How to Sleep Better: 10 Ways to Overcome Sleep Problems

The key to better sleep is to keep it simple.

We all get frustrated with the fact that we are not in control of our sleep. Sleep better and overcome sleep problems using these ten techniques!

Are you frustrated with your sleep? Are you trying different gadgets and gizmos to track and improve your sleep? Are you experiencing all sorts of sleep problems?

We definitely all get frustrated with the fact that we are not in control of our sleep. We all want to sleep better… Unfortunately, some of the things we try actually make our sleep worse

The key to better sleep is to keep it simple. The more we add, the more complicated we are making it. So, stick to the basics. This means cueing your body for sleep as best you can and then letting your natural circadian rhythm take over.

How to Sleep Better: 10 Ways to Overcome Sleep Problems

1. Go to Bed and Wake up at the Same Time Every Day

This helps to regulate your natural sleep-wake cycle. When you stay up late and sleep in on weekends, your body likely has trouble adjusting back to normal hours for the work/school week, resulting in sleep problems.

Napping should only be done in the early afternoon for no more than 30 minutes.
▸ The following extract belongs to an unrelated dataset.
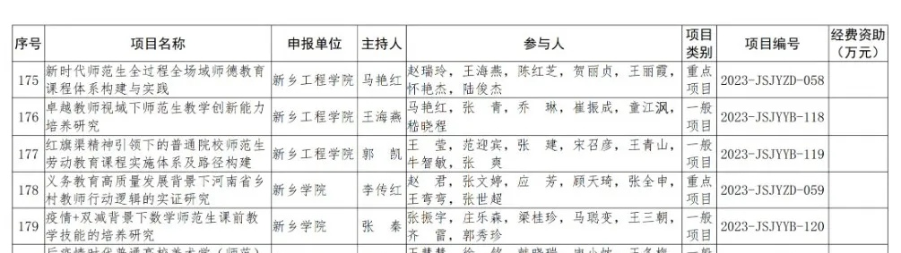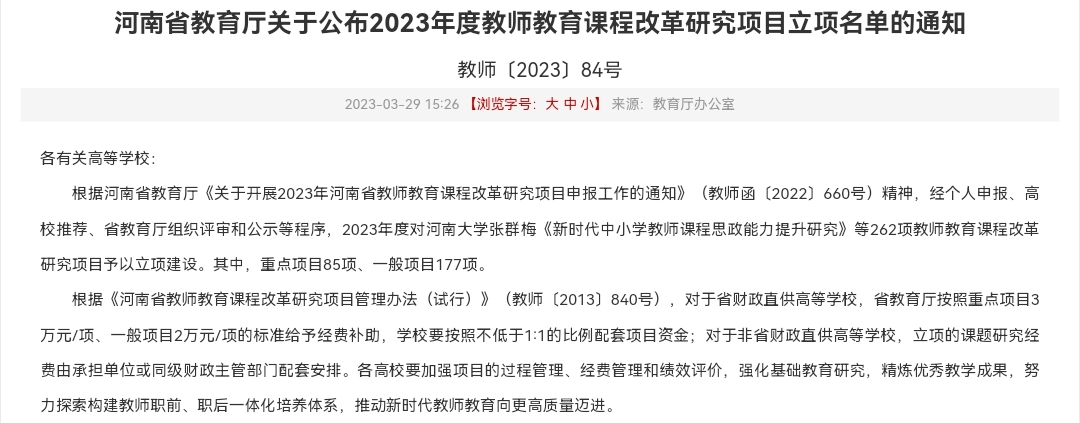2023年3月23日,省教育厅公布了2023年度教师教育课程改革研究项目立项名单,我院文学教研室王海燕教师的《卓越教师视域下师范生教学创新能力培养研究》和郭凯教师的《红旗渠精神引领下的普通院校师范生劳动教育课程实施体系及路径建构》经个人申报、高校推荐、省教育厅组织评审和公示等程序喜获立项。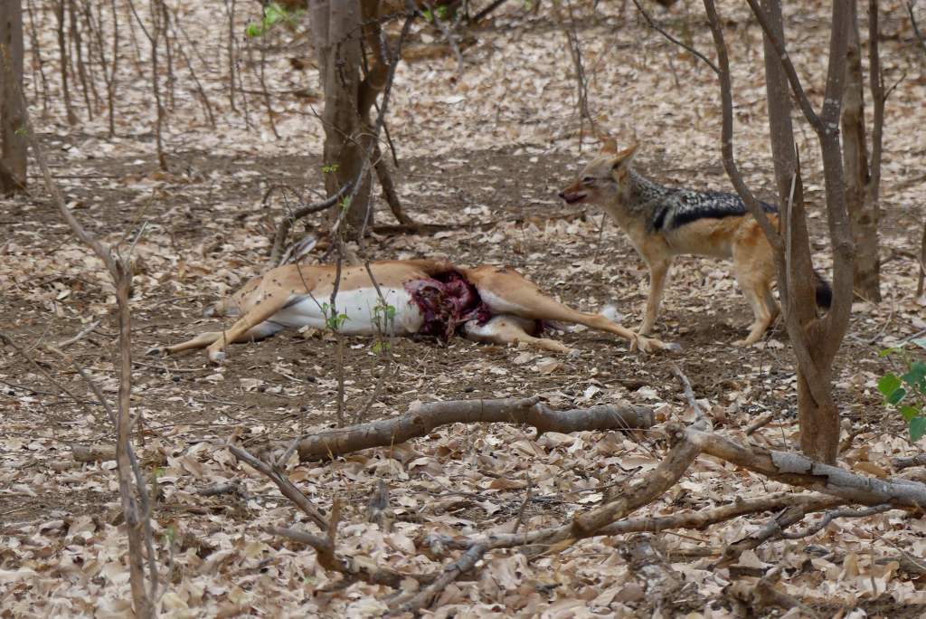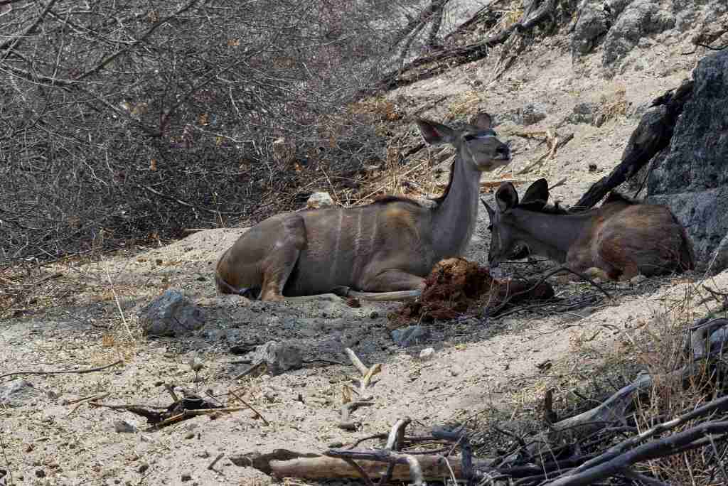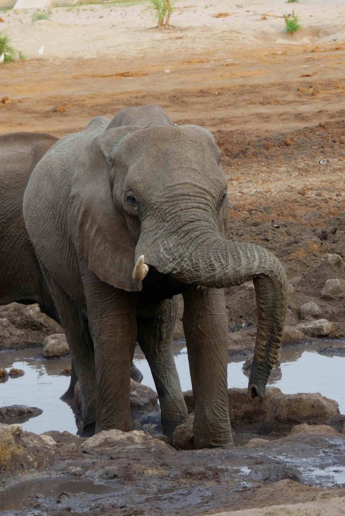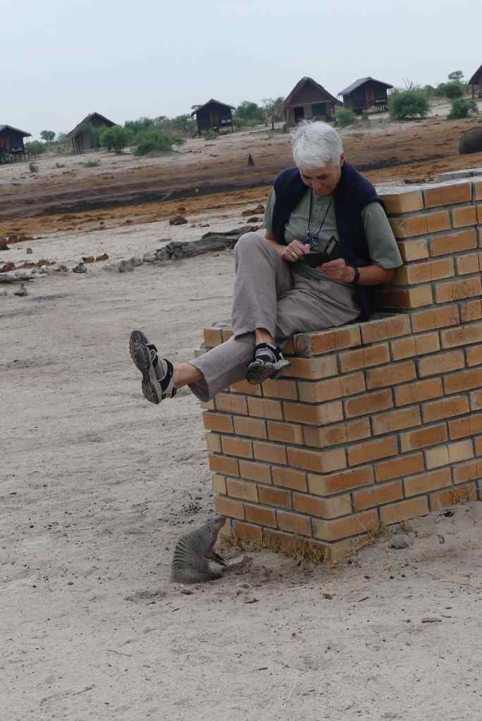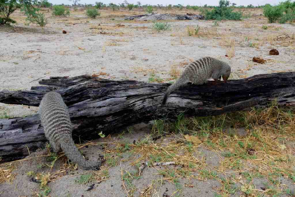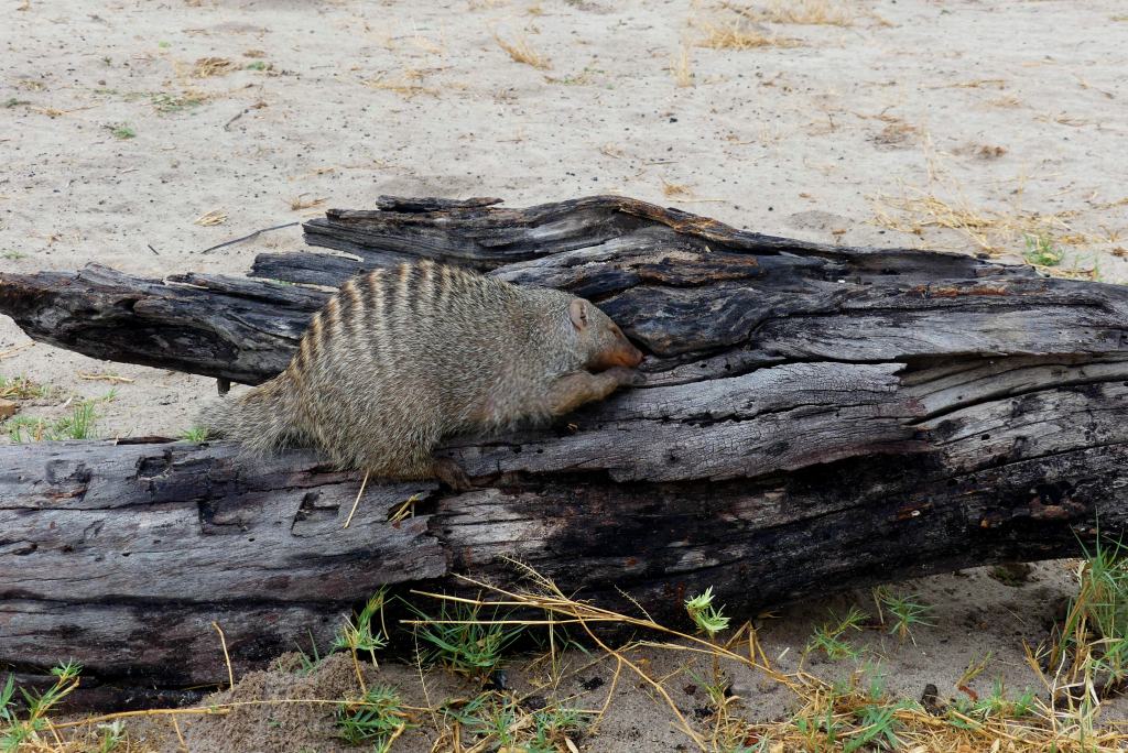 Late in the morning it started to rain, providing elephants with much needed water and us with some respite against the intense heat. Unfortunately, three busloads of loud tourists also arrived! We decided that we were going to stay away from the main lodge and walk around. The two somehow tame banded mongooses followed us during our walk, searching for food and showing a high level of activity. We were warned that one of them was naughty and it could bite so we were careful. Despite this, the “bad mongoose” picked on Mabel (usually is me they pick!) and gave her some trouble!

If you sleep too much during the day, you will not be tired when it’s time to go to bed.

2. Get Outside More

Spend more time outside in natural sunlight, especially in the morning, and reduce artificial light at night. Turn off or remove those stimulating screens (TV, computer, iPad) especially one hour before bedtime.

3. Create a Comfortable and Relaxing Sleep Environment

Make your bedroom a place for sleep that is comfortable and relaxing. It is best if your room is cool (65 degrees), dark, and quiet when you are ready to sleep. Fans are a great way to create coolness and white noise.

4. Follow a Bedtime Routine

Train your brain what bed is for by creating a relaxing bedtime routine that may include reading, journaling, a warm bath, stretching, or soft music. Try not to do any stimulating activities before bedtime or in bed during the day.

5. Avoid Arguments or Big Decision Before Bed

Try to plan for the next day earlier in the evening and postpone worrying until the next day. A notepad next to your bed might help with reminders for the next day rather than keeping you up at night.

6. Stay Away From Spicy Meals, Alcohol, and Nicotine Before Bed

Avoid heavy, rich, spicy, or acidic meals before bedtime as well as alcohol and nicotine. Alcohol may help you fall asleep, but usually keeps you in a light sleep, which makes it more likely that you will wake up during the night. Nicotine is a stimulant that your body will likely crave again during the night.

7. Cut Back on Caffeine

Reduce caffeine intake during the day. Caffeine can impact you even 10-12 hours after consumed, so it is best to not drink caffeine after lunchtime.

8. Exercise Regularly

An optimal amount would be 30 minutes a day about 4-5 hours before bedtime. Less stimulating exercises such as yoga or stretches can be done closer to bedtime.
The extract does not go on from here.